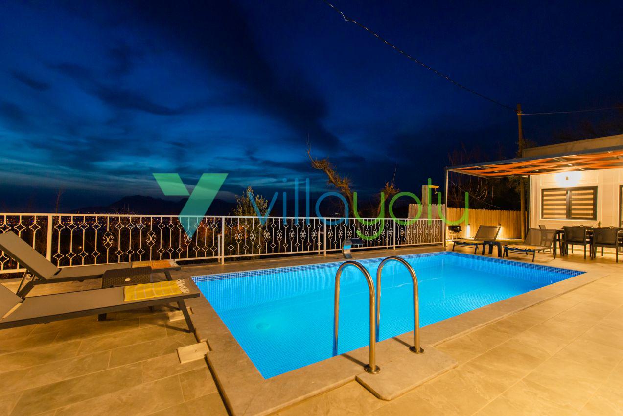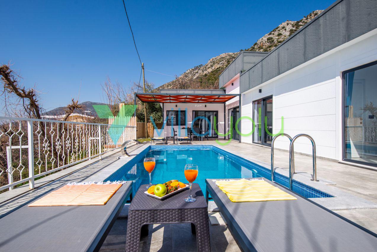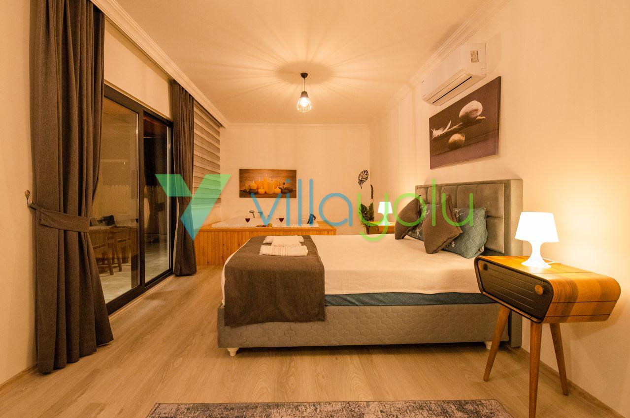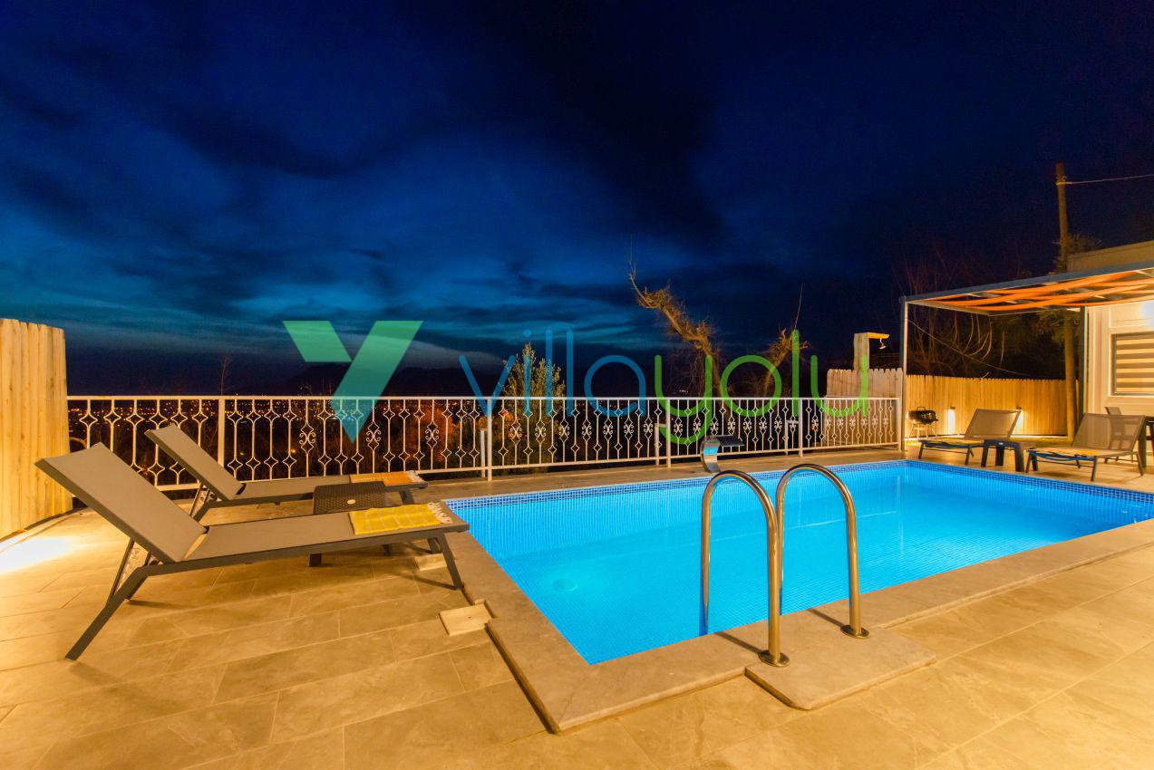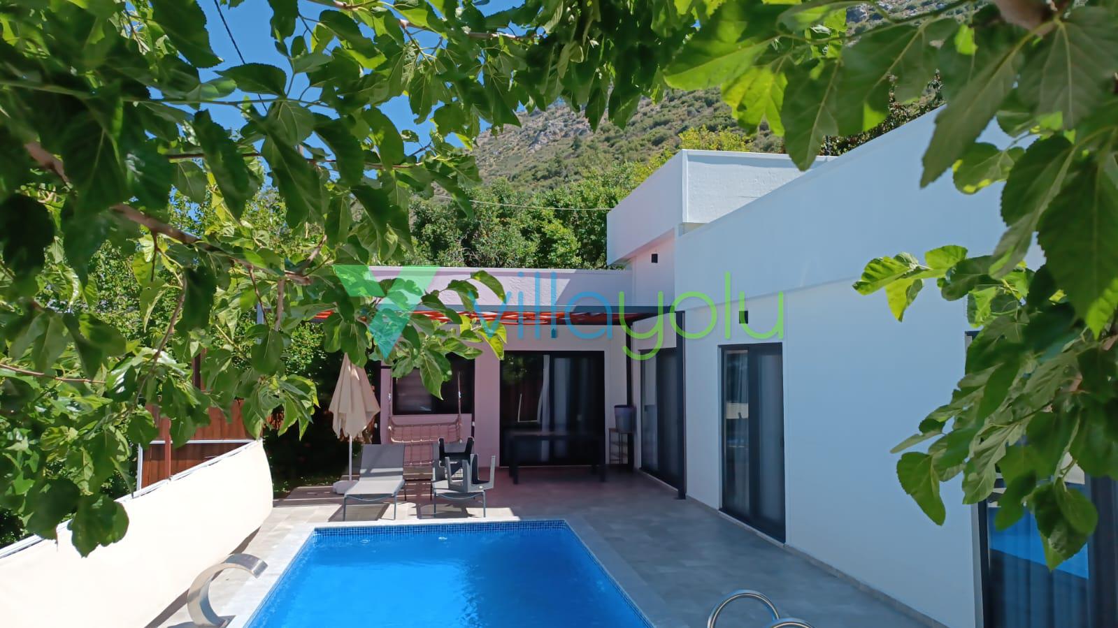 Kalkan Üzümlü mevkisinde 2 yatak odası 4 kişi kapasiteli geniş havuz ve bahçeli havuz alanı korunaklı villadır.
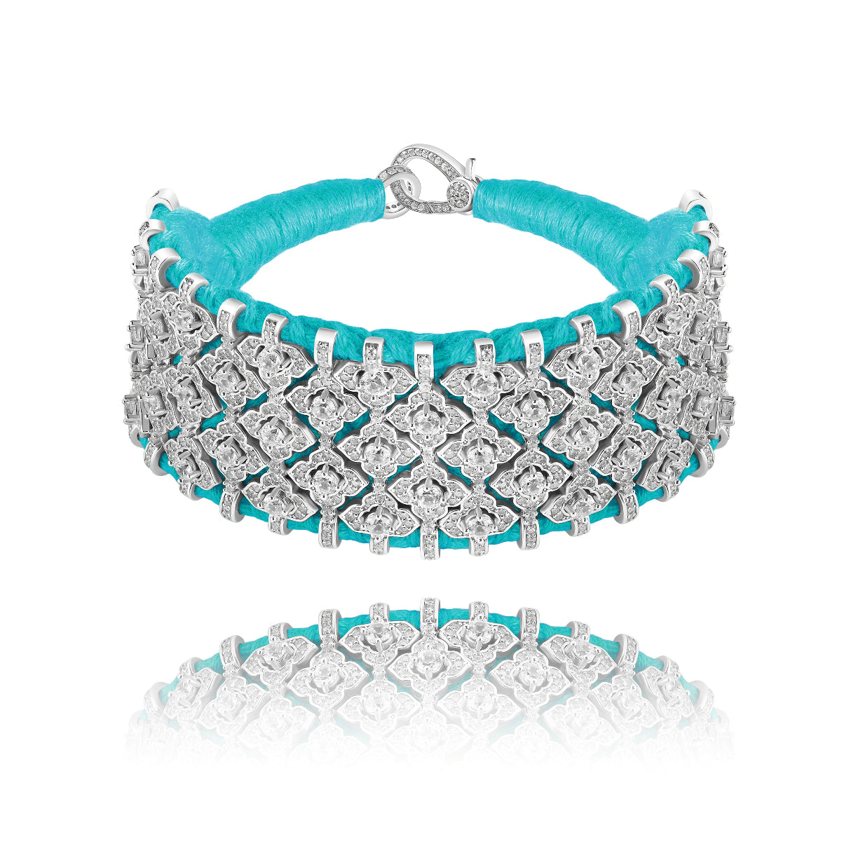 Large turquoise braided cotton wire cuff decorated with a 925 silver structure entirely paved with diamonds and zircons.
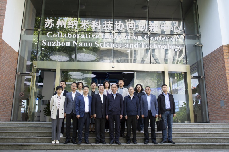 4月24日上午,江苏省侨联二级巡视员李发勇一行来纳米科技协同创新中心调研交流。省纪委监委派驻省委统战部纪检监察组三级调研员孙爱华,镇江市侨联党组书记、主席王永新,省侨联联谊联络部部长刘芳,市侨联党组书记、主席李文辉,市侨联基层建设部部长唐建东等参加调研。苏州大学党委常委、统战部部长黄志斌,国际合作交流处处长兼港澳台办公室主任李彦光,侨联副主席、国际合作交流处副处长资虹,协同中心副主任吴鹏,纳米学院党委副书记、副院长袁建宇陪同调研。

EXERCISE DIRECTIONS:
Only the lines from the top of the material through the line containing "Large turquoise braided" should be written out, exactly and without pictures.

OUTPUT BELOW:
 Kalkan Üzümlü mevkisinde 2 yatak odası 4 kişi kapasiteli geniş havuz ve bahçeli havuz alanı korunaklı villadır.
 Large turquoise braided cotton wire cuff decorated with a 925 silver structure entirely paved with diamonds and zircons.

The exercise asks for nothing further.